Thank you Audrey. You took my money... but in the end, I owe you. 

On being a Union Member: A story, a challenge.

A few moons ago, I was an overzealous pre-med student at the University of Michigan with very little (read: zero) experience in theatre. I had decided to take an acting class 'because it would be fun' - and was soon asked to join the cast of a professional on-campus production of Oedipus, as the nonspeaking boy who brought Tiresias (the blind prophet), on and off stage. I remember saying to the Director, "Well okay, but only if I don't miss Marching Band". Somehow they still cast me.

The play was my first glimpse of Professional Theatre; and as I focused intensely on keeping Tiresias from bumping into the furniture, I was told offhandedly, "Oh, because this show is Equity, you can join the Membership Candidate program," (Actors' Equity is the Union which represents Actors and Stage Managers, and EMC is a program by which you can accumulate weeks towards becoming a full-fledged Equity Member). So I signed up for EMC, truly without considering it further - mostly because I was told to.

My character got beat up quite a bit.

My character got beat up quite a bit.

Flash forward to a small theatre in Seattle some 5+ years later, where I was in my last year of conservatory training at the University of Washington's Professional Actor Training Program. We were doing a play called Mephisto, an adaptation of the political thriller by Klaus Mann, set in Nazi Germany. I had just started considering where my career might take me, and was thinking about a move away from Seattle to either LA or New York.  We were on a break, and the director was standing near me, speaking to the Stage Manager, and in my conversation a few steps away I mentioned that I had joined the Equity EMC program.

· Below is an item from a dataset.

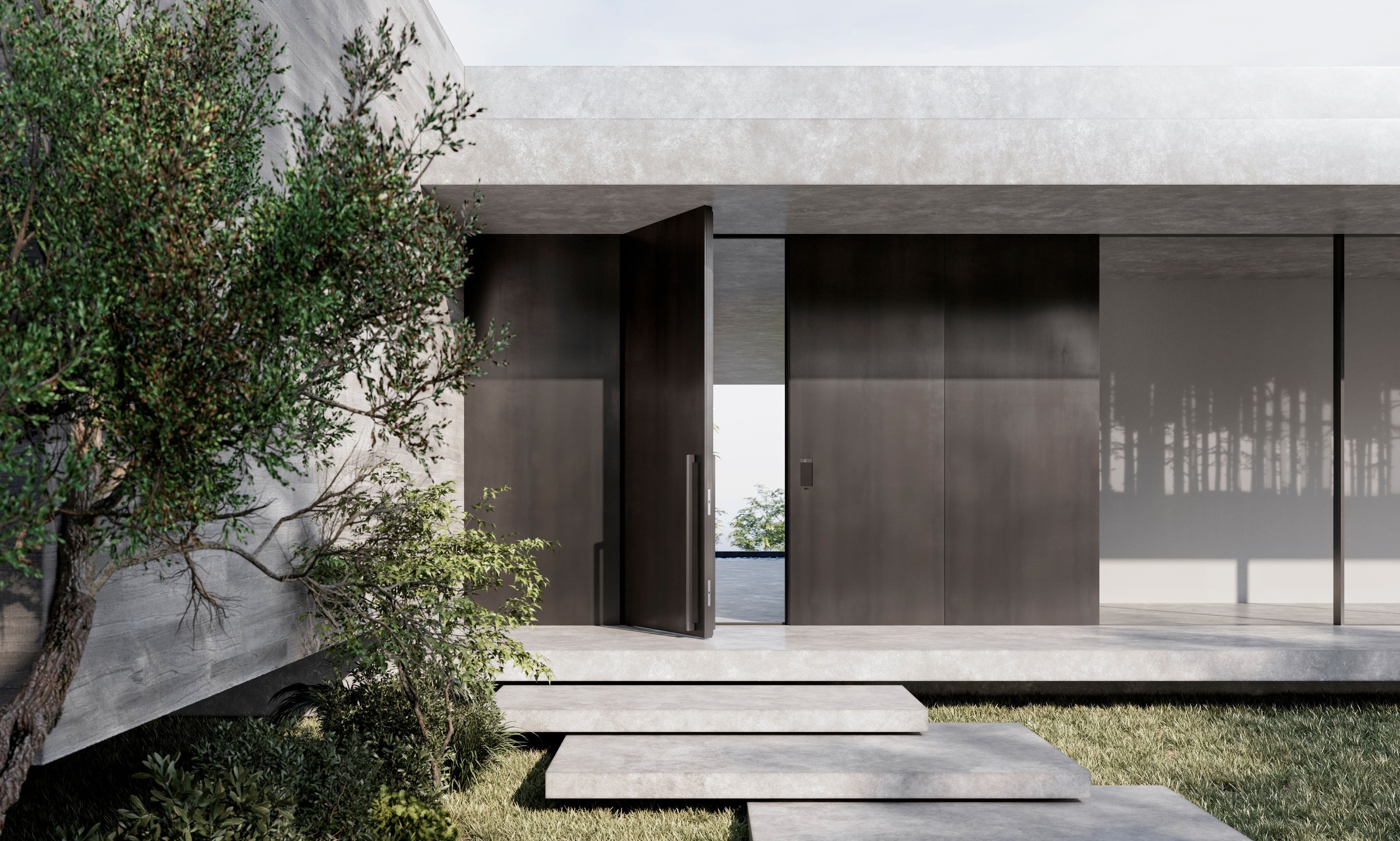 《 DOOR N 》は、高さ最大3mのダイナミックなスケールに、繊細なディテールの美しさを融合。研ぎ澄ますことでますます豊かになるという日本の美意識を礎に、無駄な要素が何もない美しいミニマリスティックデザインを実現しています。表面材には、天然木から味わい深い表情を醸し出す金属面材まで、幅広く対応することで、外壁とドアをシームレスにつなぎ、建築と開口部が一体となったこれまでにない独創的なエントランス空間を演出します。

Her head snapped around and she stared directly at me.

"You're going Equity?" she said.

"Um...yeah, I, I guess," I stammered.

Her eyes narrowed. "Do you have any idea what that means?"

All of a sudden I got very uncomfortable - I had no idea what that meant.

"Well... I guess, that, um, I'll be a professional?" My only thought about had been that perhaps I'd get to audition for the Big Stuff, and maybe I'd meet some really hot girls.

The director took a step toward me, her eyes boring into mine. 

"The very act of joining a Labor Union is a political act," she said. "You don't join a Labor Union because you want benefits. You join because you believe in what a group can do to defend the individual."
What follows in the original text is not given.